Do you smoke? asked Tajar, meaning hashish.

Rarely, said Yossi. I don't feel the need for it as much as some do.

Women?

Only the ones you know about. Sociable affairs and fairly distant, but regular enough to keep my attention from wandering.

Does it cause any difficulty that you've never married?

None. Some do and some do not, as they say, and a man who's thoroughly dedicated to his work is considered the same as married anyway. When I first arrived friends used to bring along their unmarried sisters and nieces, but now I'm accepted as a man who lives alone and devotes his time to his work. The uncle who can help. Everyone feels easy with that and values it, too.

Finally, then, their conversations came around to Yossi's future and the future of the Runner operation.

In other words, said Tajar, what do you see for yourself now? What do you want? You know everyone at home has nothing but praise for you. The operation has been extraordinarily successful and your contribution is beyond all measure. If you want to come back and begin a new life, it can be done any way you wish.

Something quiet inside, or a different field and a new identity, anything. Or just living, if that appeals. You don't have to work. Dror is ready to go along with anything we come up with. I know you've considered all this, and of course we don't have to decide anything now. In a way the war is a turning point, for all of us and everything, but that doesn't have to be the case for the Runner operation. From everything you say and everything we know, the operation is as secure as ever. So you can also just live quietly in Damascus for a time, if that's what you want, and we can have this conversation again in six months. There's no hurry. We can bring an end to the life of the man known as Halim, now or later, without jeopardizing anything. It all depends on the way you feel.

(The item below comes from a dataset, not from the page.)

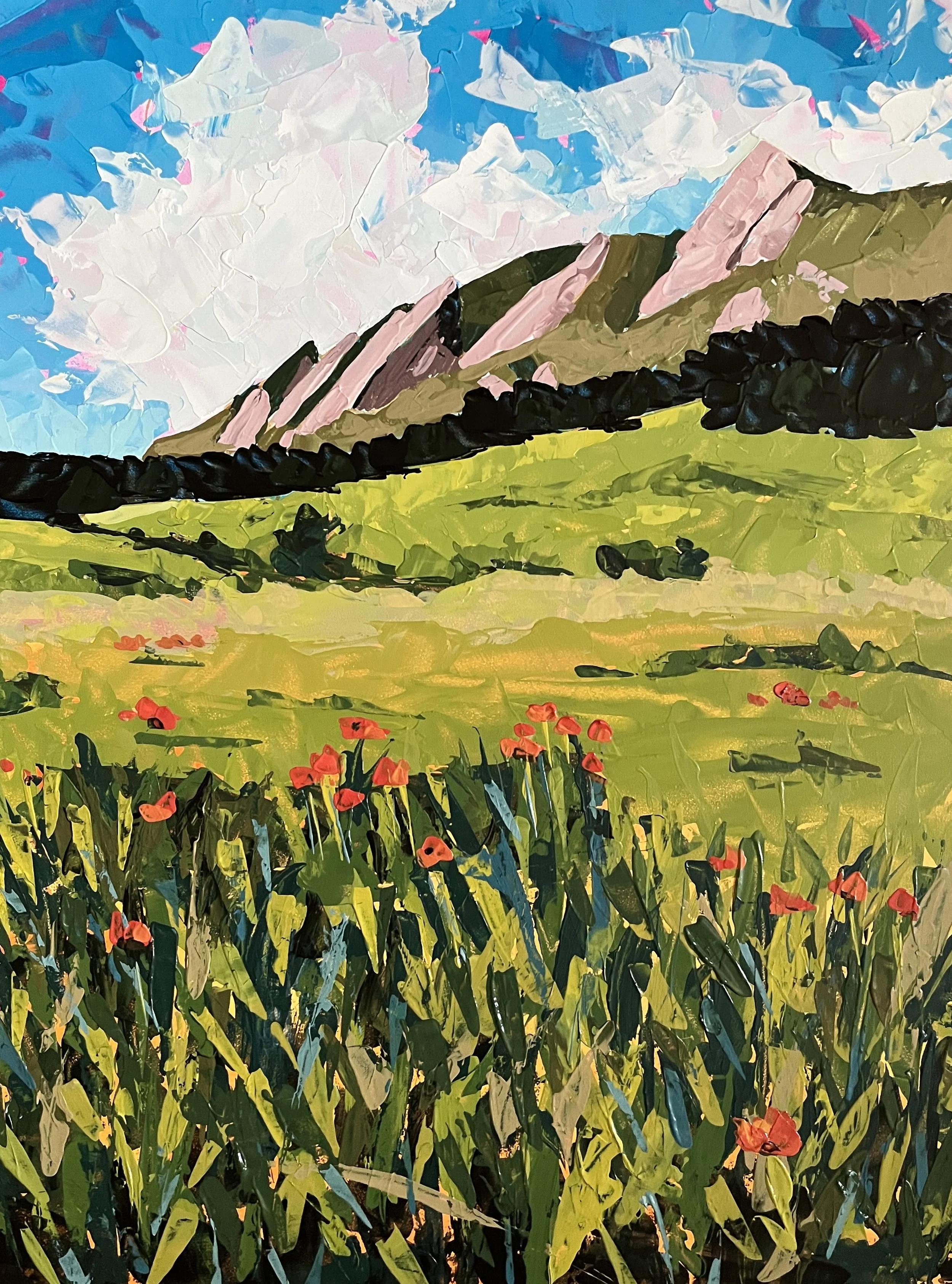 This is my newest painting of the spring poppies and Flatirons as seen from Chautauqua. I painted this from a photo I took in June of 2025, and I can’t wait to paint another poppies with Flatirons painting again soon!

I realize that, said Yossi, and of course I have thought a great deal about it. There were some hard times in the last few years, but I've gotten beyond the rough spots and what seems to have happened is that I've become Halim. With you I'm still Yossi, but it's more the way a person recalls his childhood, the person he used to be. He's still there inside me and always will be, but I've lived through several other lifetimes since then and in a way Yossi is foreign to me. A while ago you mentioned Anna's brother, David. Anna recalls him and you do, and Assaf must imagine him sometimes, and in that sense David still exists as much as anyone we think about, who may be as near as the next room. But in fact David's also been dead for twenty-five years, safe from harm and suffering, it's true, but also safe from change. Well that's something of the way I feel about Yossi. I miss him sometimes. It makes me sad to think of him sometimes. When you speak of Assaf's smile, for example, and how it reminds Anna of a young man in the desert long ago, slipping away with a wave from a tiny settlement that's now an army outpost . . . that makes me sad. When you said that my heart stumbled. I had to catch myself. For a moment it all came back and I felt lost, afraid. I was in the Negev again and leaving Anna, not knowing whether I'd get back and not knowing whether she'd still be there or still be alive if I did get back. Oh yes, I smiled then because it was all I had to give her. I was on my way to Gaza at night, across the open desert, so I smiled when I left her and our friends, pathetically standing guard duty around those little huts we had. But did she really think I preferred a cold desert night to lying in her arms? It's so strange what we know and don't know. Memory is strange and living through different lifetimes is strange and Bell is probably right. We add new vows to the old and forsake nothing and the soul becomes like the Holy City, the myth which is Jerusalem, a dream of ourselves which is forever unachievable, to be seen only by others, its wonders recounted to us in imaginary tales of distant places.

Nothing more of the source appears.